Yes, I didn't think of that. Diolch.

For Cysgodd e'n sownd, you could say Cysgodd e fel clawdd too. I guess in English it'd be "He slept like a log" but in Welsh, literally "He slept like an embankment/hedgerow".


Is "sownd" also the word for sound as in music or I heard a sound?


No, it just mean "sound" as in "stuck".

sŵn = "sound, noise" in general e.g. Clywais i sŵn rhyfedd (I heard a strange sound), Beth ydy'r sŵn 'na? (What's that sound/noise?)

sain = "sound, audio" in a more technical sense e.g. Technegydd sain yw e (He's a sound/audio technician, effaith sain (sound effect), ton sain (sound wave), sain gytseiniol (consonant sound) etc.

[deactivated user]

    English is my native language, and I've never used the word "Sound" to mean "Stuck".


    No, I'd never say it either. It's old fashioned isn't it? Mind you, I bet you say "safe and sound".

    [deactivated user]

      You would win your bet.

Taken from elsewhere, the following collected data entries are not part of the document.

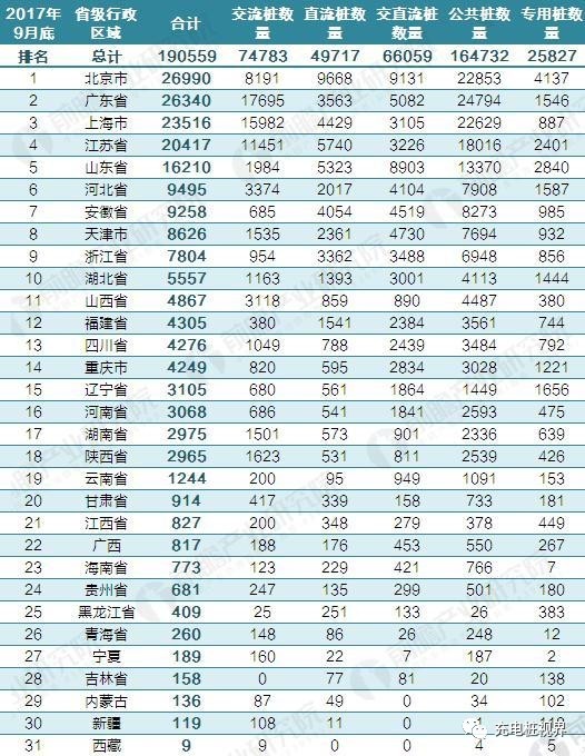 截止到2017年9月,省級行政區(qū)域內(nèi)所擁有的公共類充電樁數(shù)量前十的分別為:北京26990個(gè)、廣東26340個(gè)、上海23516個(gè)、江蘇20417個(gè)、山東16210個(gè)、安徽9495個(gè)、河北9258個(gè)、天津8626個(gè)、浙江7804個(gè)、湖北5557個(gè)。
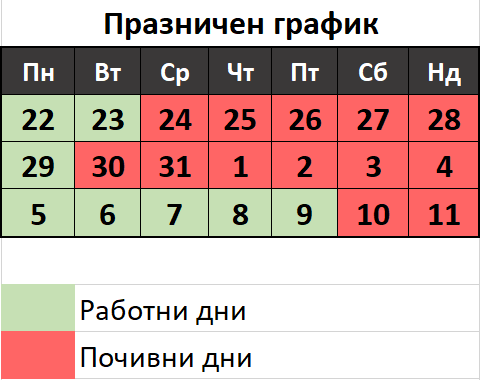 Уведомяваме Ви, че Топломакс ООД няма да работи в периода от 24.12.2025 г. до 04.01.2026 г., с изключение на 29.12.2025 г., който ще бъде работен ден за офис София.
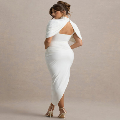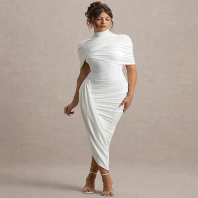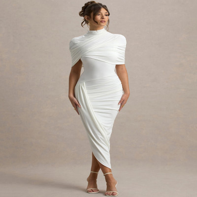 Mozision نصف كم عارية الذراعين Ruched مثير فستان ماكسي المرأة الصيف جديد الياقة المدورة ضئيلة عالية الخصر مساء نادي حفلة فستان طويل
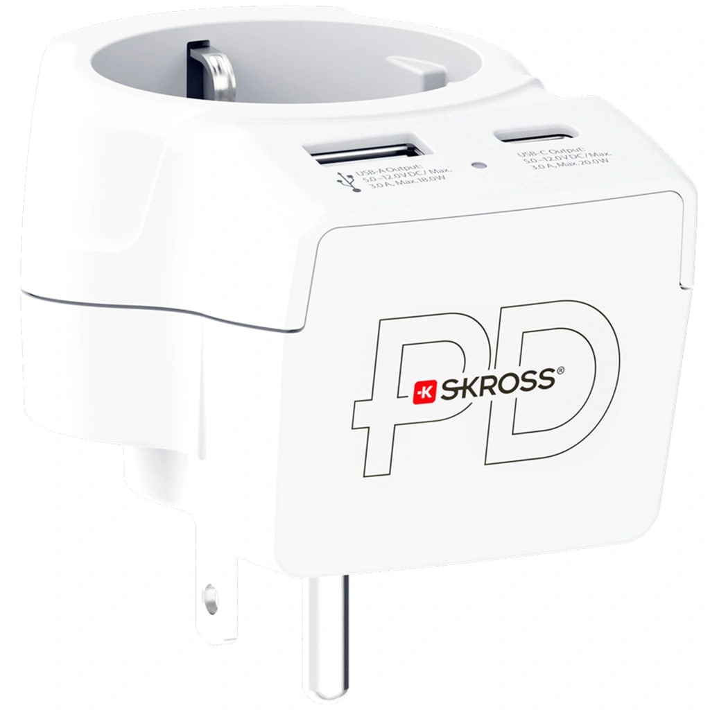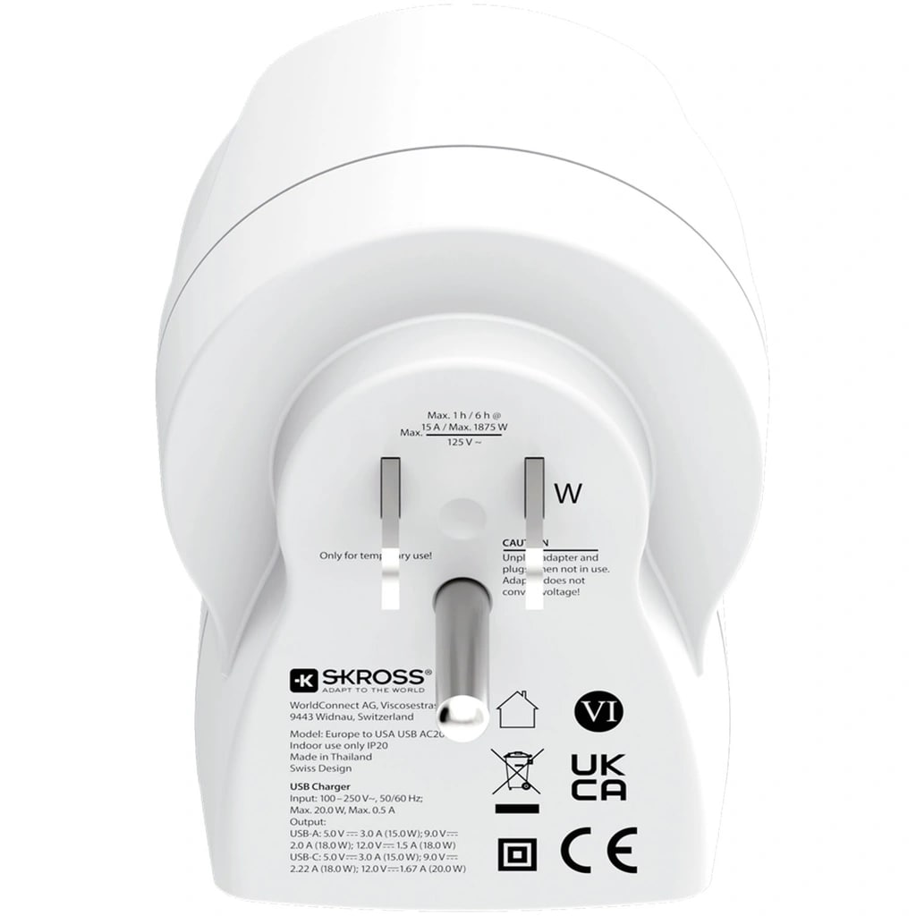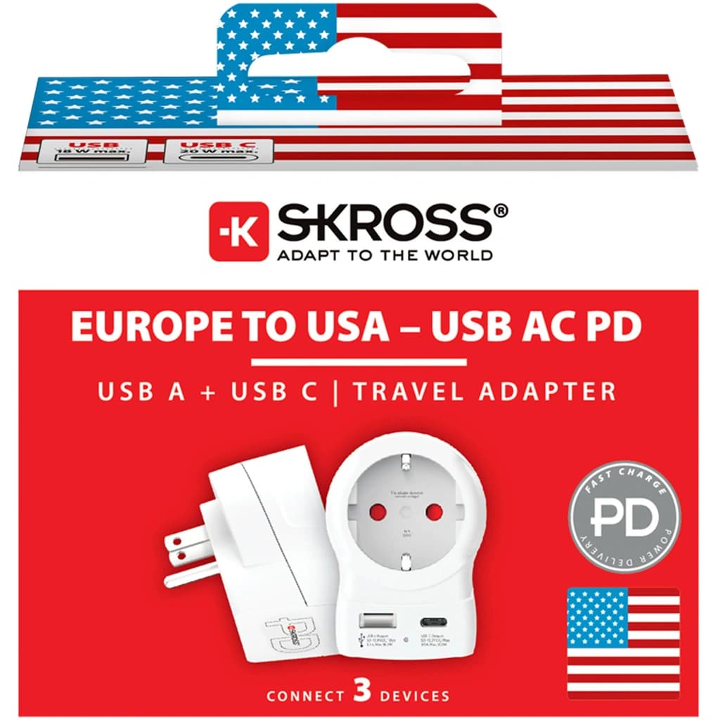 62414Europe to USA USB AC PD 20Whttps://www.phonelife.de/ladegerate-kabel/reiseadapter/europe-to-usa-usb-ac-pd-20w?channelCountry=DEhttps://www.phonelife.de/pub_images/original/A15506_1.pngInStock22.95EUR/ladegerate-kabel/reiseadapterSKROSS<p>SKROSS Europe to USA USB AC PD 20W ist ein praktischer Reiseadapter mit integriertem USB-Ladegerät, der die Nutzung europäischer Geräte in amerikanischen Steckdosen ermöglicht. Er ist kompatibel mit geerdeten und ungeerdeten Steckern und unterstützt eine Belastung von bis zu 15 A, wodurch er auch für leistungsstärkere Geräte wie Laptops und Haartrockner geeignet ist. Mit integrierten USB-A und USB-C Anschlüssen können zwei Geräte gleichzeitig effizient und stabil mit bis zu 20 W pro Anschluss geladen werden. Die energieeffiziente Konstruktion sorgt für einen niedrigen Stromverbrauch im Leerlauf und zuverlässige Leistung im Alltag. Eine kompakte Lösung für Reisen in die USA und andere Länder mit gleichem Standard.</p>
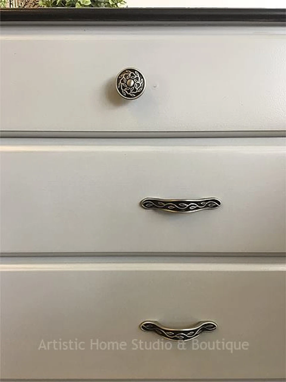 Leaf and vine design Betsy Field Brushed Satin Pewter in Black with a raised leaf and vine design that is very elegant looking. See matching knob L-PBF588Y-BSB-C
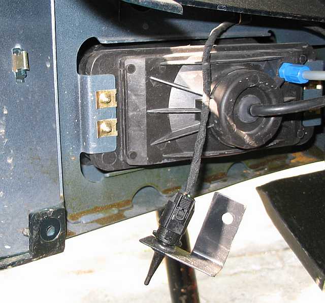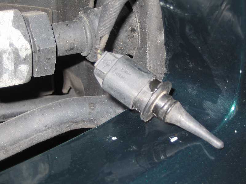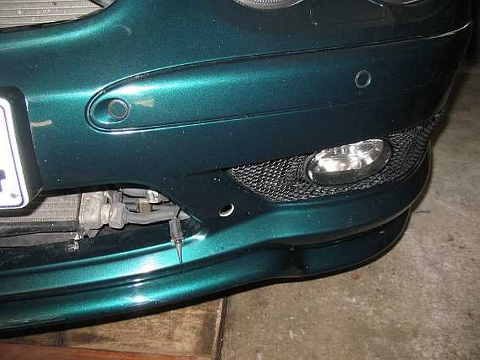 Temperaturfühler Außentemperaturanzeige: AR54.30-P-6341R Je nach Lage des Fühlers kann man entweder unten die mittlere oder linke vordere Motorraumverkleidung ausbauen AR61.20-P-1105R. Bei meinem SL55AMG, 230.474 (7/2002, erste Einbauvariante) clipste ich einfach das vordere mittlere Lüftungsgitter im Stoßfänger aus, als ich die Ladesteckdose einbaute. | ![]() |
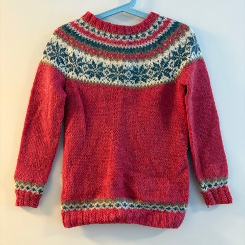 Ullgenser til jente i størrelse 110. Genseren er rød med hvitt hjertemønster rundt bærestykket. Strikket i ull, med lange ermer og rund hals. Passer til hverdagsbruk og som varm mellomlag på kjølige dager.
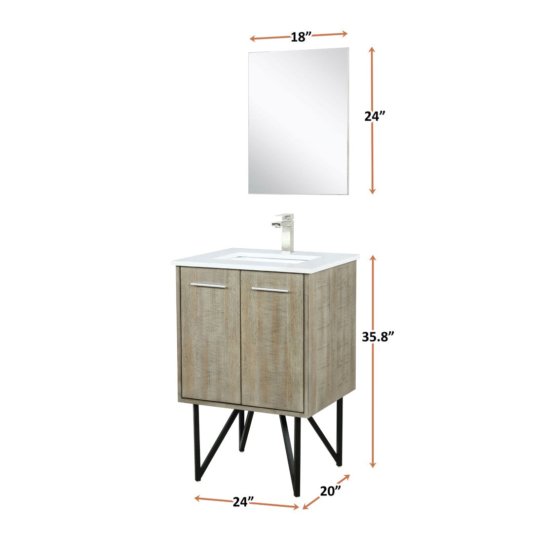 - Dimensions: Vanity footprint 24 in. W x 20 in. D; Mirror 18 in. W x 24 in. H; Overall product dimensions: 28 L x 22 W x 4 H.
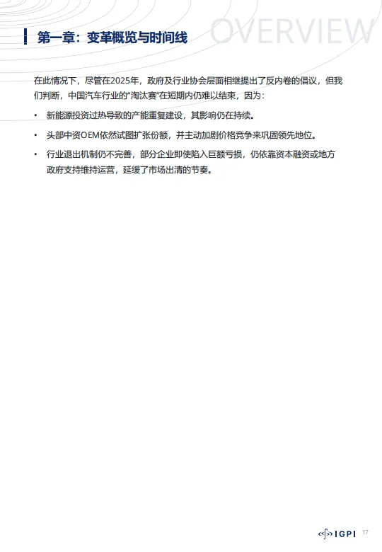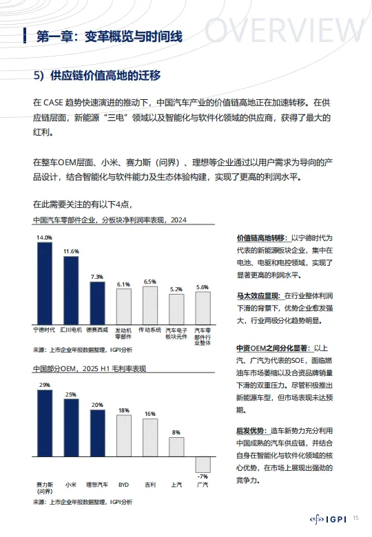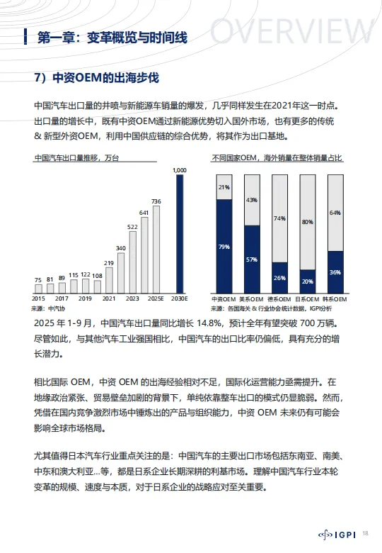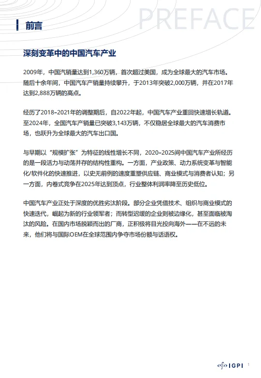 中国汽车产业正处于深度的优胜劣汰阶段。部分企业凭借技术、组织与商业模式的快速迭代,崛起为新的行业领军者;而转型迟缓的企业则被边缘化,甚至面临被淘汰的风险。在国内市场脱颖而出的厂商,正积极将目光投向海外——在不远的未来,他们将与国际OEM在全球范围内争夺市场份额与话语权。
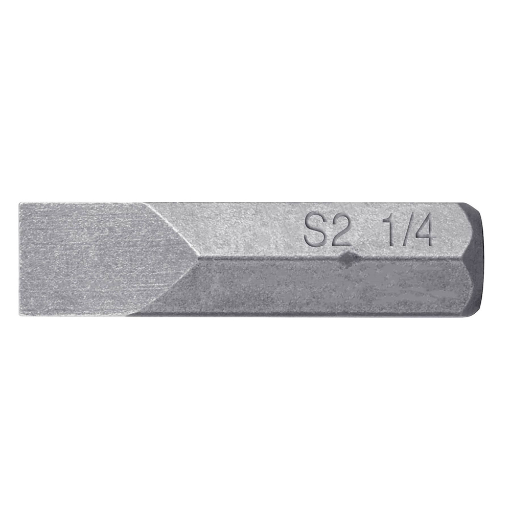 Clave Truper: PUDE-3125. Puntas planas, P25, para destornillador. Fabricadas en acero S2 muy resistentes al desgaste. Maquinado para un ajuste preciso. Estuche reutilizable. Paso: 1/4″.. 25 mm. TRUPER EXPERT. P25. 1/4″ (6,35 mm). 5 Uds.
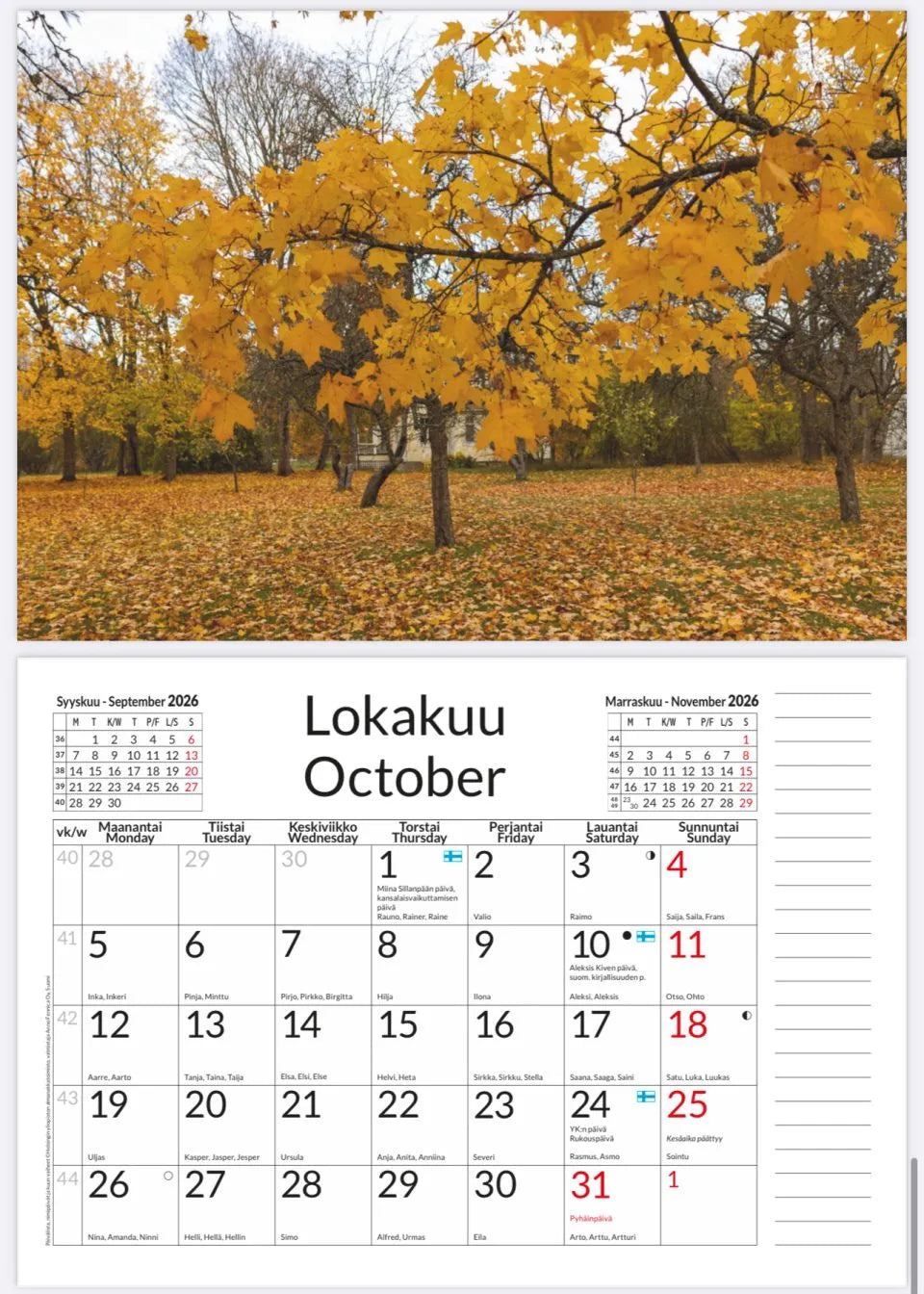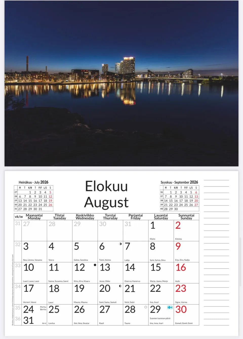 - mukana koko vuoden kalenteri yhdellä sivulla
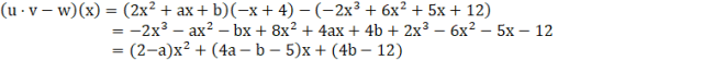 Najpierw tworzymy wielomian z treści zadania, a potem porównujemy każdy z jego współczynników do 0, aby ustalić Jakie powinny być wartości a, b, aby wielomian był zerowy.
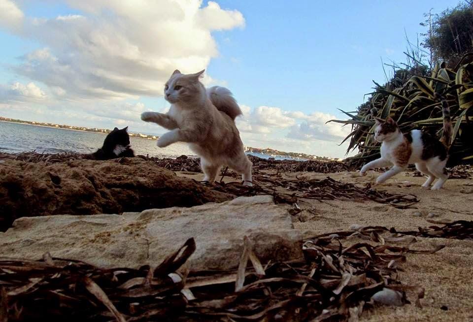 «Людям любопытно посмотреть, как кошки ведут себя рядом с водой, ведь многие думают, что кошки ее ненавидят. Но животные, выросшие на берегу, совсем не боятся моря», — говорит Ацори.
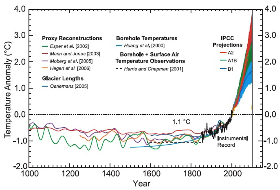 figure 1 – Projected global warming over the next century in the context of climate change over the past 1000 years. Future projections differ depending on estimated changes in human greenhouse gas emissions. (figure source: Chapman and Davis, 2010)
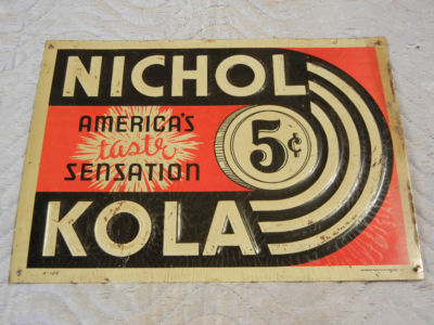 NICHOL KOLA 5 CENT EMBOSSED TIN SIGN
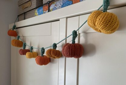 A crochet pattern for a rustic, autumnal pumpkin garland, perfect for Autumnal home décor. This pattern creates a 3D pumpkin garland, or if you wish, individual 3D pumpkins for home décor. Instructions are given to make a pumpkin measuring approx. 6cm high & 8cm diameter, with notes on how to adjust to create pumpkins in assorted sizes. Pattern includes: Crochet pumpkins and garland.
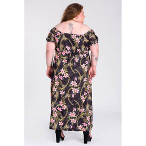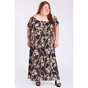Vestido Feminino Plus Size Longo Ciganinha Estampado Malha Confort Detalhe Cintura Fenda Frontal
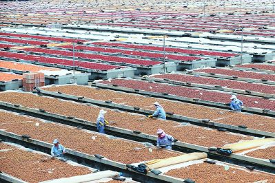 天喔(福建)食品有限公司迎來曬果季,工人們?cè)谔烊涣罆駡?chǎng)里晾曬桃子、李子、青梅等果實(shí),為生產(chǎn)出優(yōu)質(zhì)果脯做準(zhǔn)備。 該公司是“省級(jí)重點(diǎn)龍頭企業(yè)”,加工帶動(dòng)能力強(qiáng),每年僅從全省各地收購的鮮果就達(dá)1.5萬噸左右,帶動(dòng)大量果農(nóng)增收致富。 周明太 林劍冰 陳峰 攝
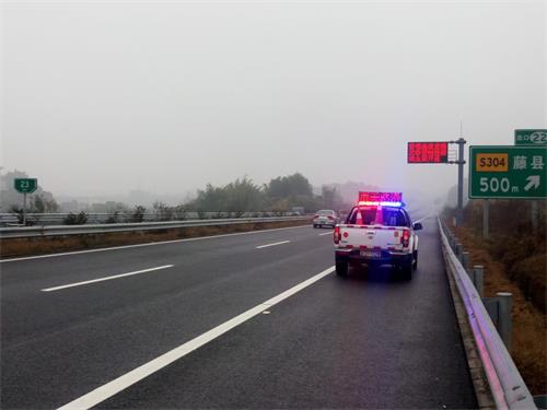 二是强化路面管控力度。大队以定点检查和流动巡逻相结合,通过警车警示压低车速、LED屏安全提醒等方式,要求过往车辆注意雾埋天气,小心慢行,遵章守法。同时安排警力在藤县收费站设置执勤点,重点查处超员、超载、超速、疲劳驾驶等交通违法行为,保障道路交通安全、有序、畅通。
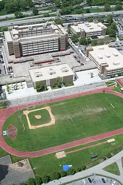 The Truman complex is located on the east side of Baychester Avenue and the New England Thruway in western Co-op City, between sections 1 and 3 of the development. Truman High School sits at the center of the complex, circumscribed by the other four schools and the Truman gymnasium.[3] The high school is seven stories high with a basement, designed for 4,000 students.[17][40][41] The school's gymnasium building is located immediately east of the high school,[3] featuring several dance studios, a wrestling gym, weight room, aerobics facility and a large gymnasium which can be separated into three smaller gyms.[40] Outside at the east end of the complex, the school hosts a multi-purpose grass field for football and baseball surrounded by a six-lane track and field competition area, along with five tennis courts and handball courts.[3][40][42]

When I say that though, the 'sound' bit means 'in good health' Nothing to do with 'stuck'


      Ah yes you're right. I was thinking of "sound" as in "solid, secure" but that makes more sense, as in "of sound mind".


      I've heard and used the term - it's sound in the ground - meaning it is stuck fast in the ground. Or is that a Wenglish term derived from the original Cymraeg?


      "Sound" is a native English word that got borrowed into Welsh. The first record we have of sownd in Welsh is from about 400 years ago. Not sure where that phrase developed though.